2. Innovations in Programming and Usability:
- Move Programming Language: Offers stronger security guarantees (e.g., preventing reentrancy attacks) and enables efficient development with programmable transaction blocks (PTBs).
- Programmable Transaction Blocks (PTBs): Allows multiple transactions to execute in a single block, reducing costs and increasing throughput.
- zkLogin and zkSend: Simplify user authentication and token transfers by integrating familiar Web2 login methods and streamlined token-sending processes.
3. Economic and Tokenomics Framework:
- Multi-Dimensional Fees: Separates computation and storage fees, ensuring predictable transaction costs.
- Storage Fund: Ensures sustainability by compensating validators for long-term storage costs and offering refunds for deleted data.
- Token Supply and Staking: SUI has a fixed supply of 10B tokens, with 7.7B staked. Staking rewards depend on network activity, with an annual yield of 2.8%.

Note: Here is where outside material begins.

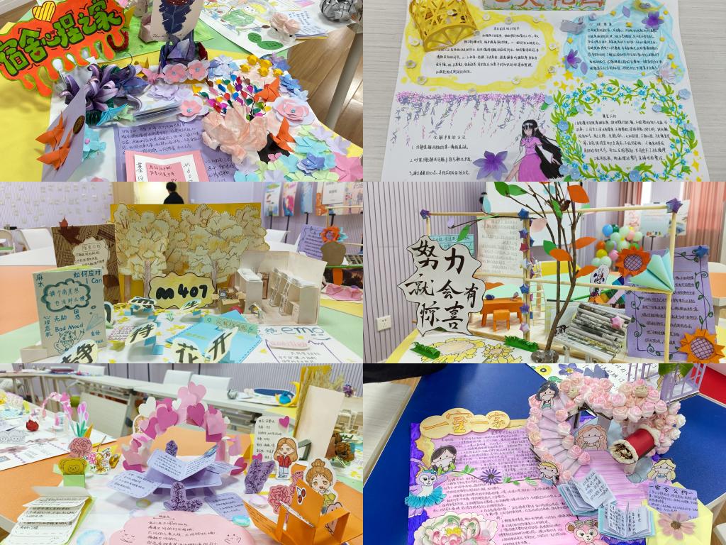 活动期间参赛团队到达现场,领取材料前需要先完成三个小互动,“烦恼粉碎机”是让参赛队伍用纸条记录下的宿舍烦恼和宿舍不良习惯投递到粉碎机,呼吁成员释放烦恼,改掉不良习惯;“彩虹心愿簿”通过写下想要完成的目标随机匹配搭档完成,在相互的监督下完成目标,在互动中拓展人际关系;“惊喜盲盒墙”是以抽选盲盒并完成相应挑战的互动,在面对挑战中提升勇气,做出改变,从而引导参赛者对自己的目标踏出第一步。如约完成挑战,成功领取物资,开始制作之旅。心理成长小报制作过程中,宿舍成员分工协作想以最佳的创意与最美的呈现展现宿舍生活的点滴,有的成员擅长手工,将宿舍的缩影通过手工材料复刻在手抄报之上;有的成员擅长绘画,将生活的千姿百态进行描绘;有的成员思维活跃,贡献出丰富的创意等。一幅作品让整个寝室沉浸其中,也许是一起畅想未来,也许是一起过好现在,调节寝室内部关系,在制定“三有一约”的过程中也拉近了彼此的距离,共同期盼未来的大学生活。最后,各宿舍也满怀欣喜交上了他们的“满意答卷”。

4. Ecosystem Growth and Use Cases:
- DeFi and DEX Integration: Protocols like Cetus and Aftermath lead in trading volume and innovation, while Deepbook serves as a public CLOB for liquidity aggregation.
- Gaming and Social Applications: Sui supports apps like RECRD (content monetization) and SuiPlay0X1 (portable gaming device).
- AI and Cryptography: Partnerships with Google Cloud for AI-driven debugging and advancements in Zero Knowledge Proofs (ZKPs) for privacy and security.
5. Handling MEV and Fairness:
- MEV Infrastructure: Tools like Shio and Aftermath Finance aim to democratize MEV profits via auctions, soft bundles, and validator integrations.
- Decentralization Goals: Planned upgrades like Obelia and Adelie focus on scalability, reducing validator barriers, and improving censorship resistance.
6. Strategic Innovations:
- Decentralized Storage (Walrus): Supports data availability and large-scale storage for blockchain history and AI applications.
- Internetless Transactions: Enables transactions via SMS, NFC, and other non-internet methods, broadening accessibility.
Conclusion:
Sui distinguishes itself with groundbreaking scalability, developer tools, and an expanding ecosystem. Its focus on decentralization, efficient execution, and novel applications positions it as a promising contender in the Layer 1 blockchain space. Future success will depend on sustaining innovation, attracting developers, and scaling its ecosystem effectively.
As an industry, we’ve come a long way in scaling blockchains. We took to L2s to scale Ethereum and have established other L1s like Solana and Sui that scale the base layer. Rollups gave us cheaper and faster transactions, but we’ve had to compromise on liquidity with a fragmented user experience. Most L1s, like Solana, Sui, Sei, and Aptos scale vertically by having more work done within the same set of nodes with the help of parallel execution. While Sui scales vertically, it is also on the path to scale horizontally by employing execution and consensus upgrades, which could open up new scaling possibilities beyond typical L1 architectures while laying the ground for decentralization.
Sui was founded in 2021 when Mysten Labs was established by Meta’s former blockchain team from Project Diem. Sui mainly differentiates its technical approach in two ways:
- Sui has a novel object-centric global storage model, parallel execution of transactions that touch distinct objects, and Mysticeti consensus for optimal latency
- Sui leverages the Move programming language, allowing developers to write smart contracts with strong safety guarantees. The combination of these built-in protections and Sui objects prevents many common hacks and exploits, such as reentrancy attacks and missing permission checks. Move objects also improve the overall developer experience, enabling powerful features like programmable transaction blocks that allow developers to compose Move calls directly from frontend code.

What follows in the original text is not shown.